Broadly, facial recognition tools work by taking one image to be tested and comparing it to a database of other images. Clearview AI for example, a commercially available facial recognition tool which is used by law enforcement but which doesn’t appear to be related to this ICE tool, compares a photo to a massive database of peoples’ photos scraped from social media and the wider web.

For the facial recognition capability of this ICE tool, the emails say Mobile Fortify is using two government systems. The first is Customs and Border Protection’s (CBP) Traveler Verification Service. As part of the Traveler Verification Service, CBP takes photos of peoples’ faces when they enter the U.S. and compares these to previously collected ones. In an airport those can include photos from a passport, visa, or earlier CBP encounters, according to a Privacy Impact Assessment (PIA) previously published by CBP. With land crossings, that can include a gallery of “frequent” crossers for that port of entry, the PIA adds.

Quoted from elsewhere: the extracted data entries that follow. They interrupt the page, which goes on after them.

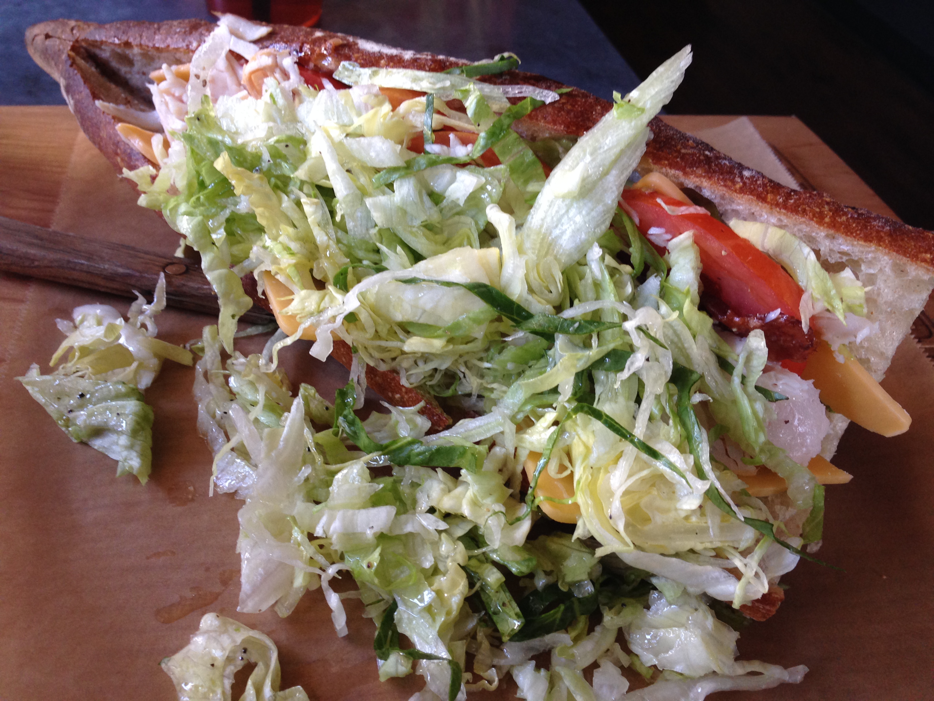 That is the Roasted Turkey Club – it’s on half a baguette with shredded lettuce, tomato, cheese, bacon and a basil oil. Oh Man! It was so tasty. And HUGE. My companion opted for the Garden Fresh Flatbread.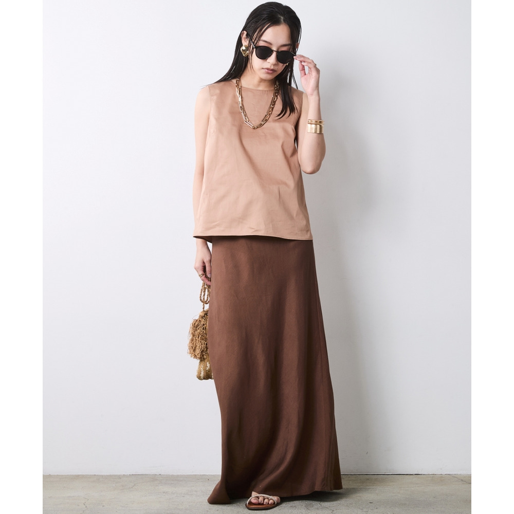 体のラインを拾いすぎない程よいAラインシルエットが、リラックス感とスタイルアップを両立します。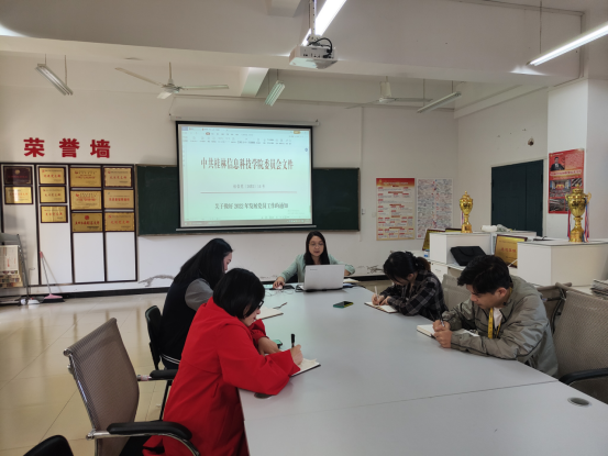 会上,黄娟同志对近期党务工作进行了传达,针对2022年度发展党员工作、毕业生党员组织关系转接工作、学校“青春献礼二十大”主题系列活动进行部署。她指出,各党支部要切实提高政治站位,担负起教育、管理、监督党员和组织、宣传、凝聚、服务群众的重要职责,树立党员的良好风貌;各党支部要正确认识支部与学院的发展关系,充分抓住学院专业特点,创新开展支部“三会一课”工作、“主题党日”活动,创新组织生活形式,提高工作水平;各支部书记要关心党员同志,切实做到关心支部每位党员的工作生活情况,帮助解决困难和问题,加强支部的凝聚力和战斗力,要严格按照支部书记的岗位职责要求,规规矩矩完成各项任务目标。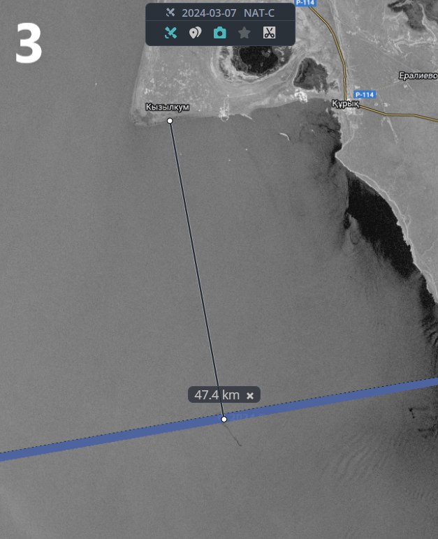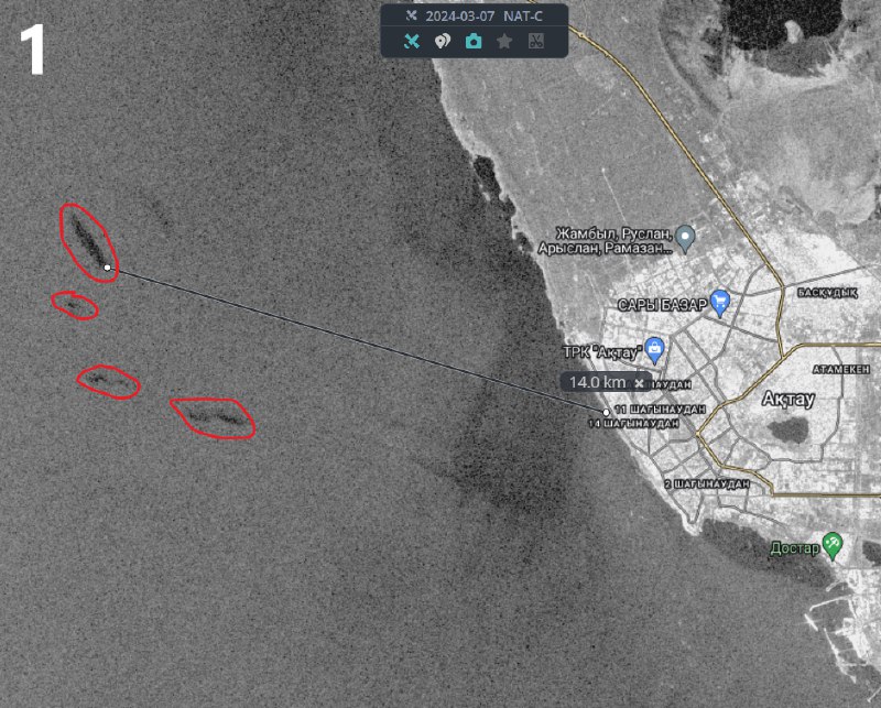 - На первом снимке вероятно 4 судовых сброса, примерно в 14 км от побережья Актау, общей площадью 0,93 кв.км. На снимках 2 и 3 - вероятный судовой сброс, примерно в 48 км от побережья Кызылкум, площадью 0,96 кв.км территориальные воды Казахстана, - говорится в сообщении.
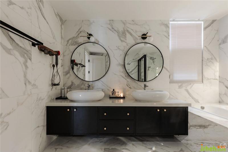 主衛(wèi)是潔凈夢(mèng)幻的卷云,墻面地面都是水墨般流動(dòng)的大理石紋,極具輕柔的整體感。浴缸墻角的圓形吊燈就像流星劃落,小巧復(fù)古的全水晶臺(tái)燈,點(diǎn)上香薰?fàn)T,陷入水的柔情和溫暖中,迎來一天最放松的時(shí)刻。室內(nèi)設(shè)計(jì)師
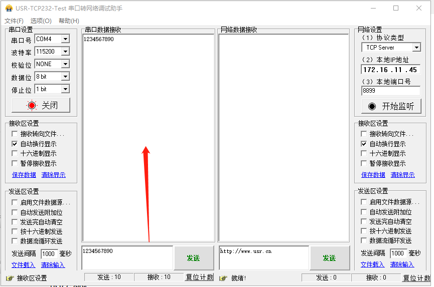 打開串口助手,串口參數(shù)和USR-G780s串口參數(shù)設置一致,發(fā)送1234567890給有人公司的測試服務器,測試服務器收到串口發(fā)送的數(shù)據(jù),會將數(shù)據(jù)返回給串口。因為開啟過濾HTTP頭功能,所以返回的信息中,只有數(shù)據(jù)1234567890。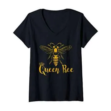 Womens Queen Bee I Beekeeper Beekeeping V-Neck T-Shirt
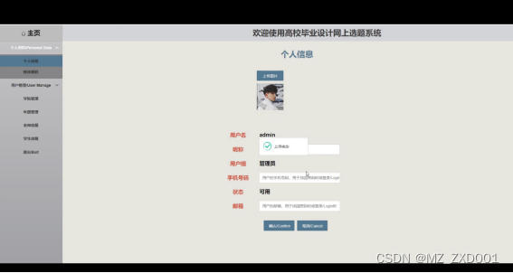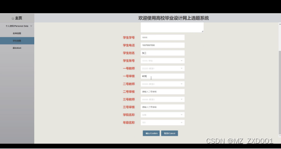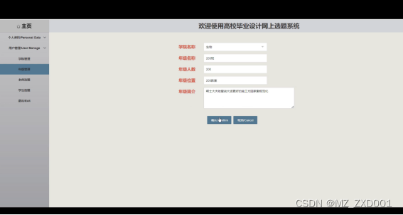 3、功能的完善性:可以管理首主页,个人资料,用户管理(管理员,学生用户,教师用户),学院管理,年级管理,老师选题,学生选题等模块的修改维护操作。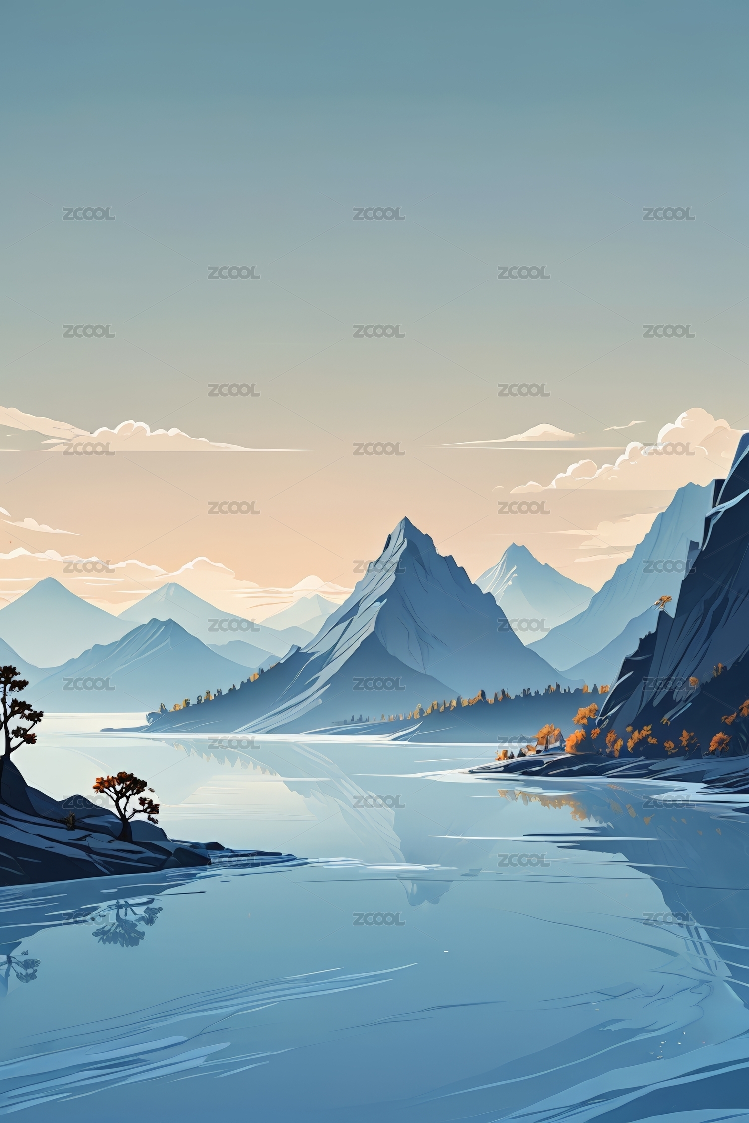 简约静谧粉色山水风光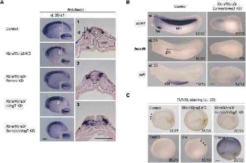 In vivo T-box transcription factor profiling reveals joint regulation of embryonic neuromesodermal bipotency. , Gentsch GE , Owens ND, Martin SR, Piccinelli P, Faial T, Trotter MW, Gilchrist MJ , Smith JC ., Cell Rep. September 26, 2013; 4 (6): 1185-96.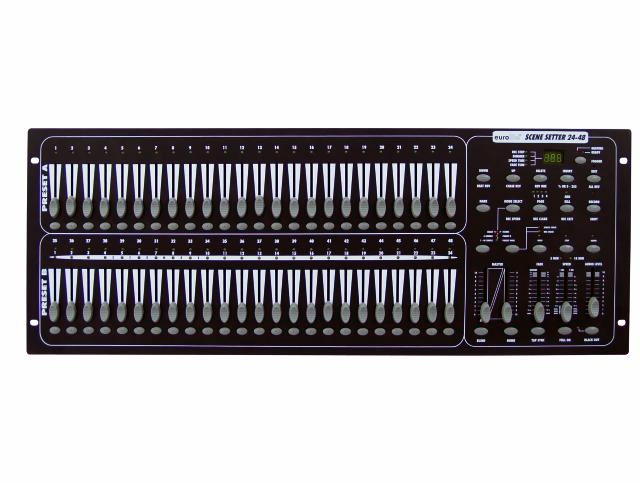 - EUROLITE DMX Scene Setter 24/48 DMX контроллер для управления световыми приборами. 48 управляемых каналов. Есть функция Blackout. Звуковая анимация с помощью встроенного микрофона

The second is the Seizure and Apprehension Workflow. This is what the Department of Homeland Security (DHS) describes as an “intelligence aggregator,” bringing together information related to searches and seizures.

“The app uses CBP's Traveler Verification Service and the Seizure and Apprehension Workflow that contains the biometric gallery of individuals for whom CBP maintains derogatory information for facial recognition,” the email reads. The exact definition of derogatory information in this context is not clear but 404 Media has previously reported on a database that ICE uses to find “derogatory” speech online.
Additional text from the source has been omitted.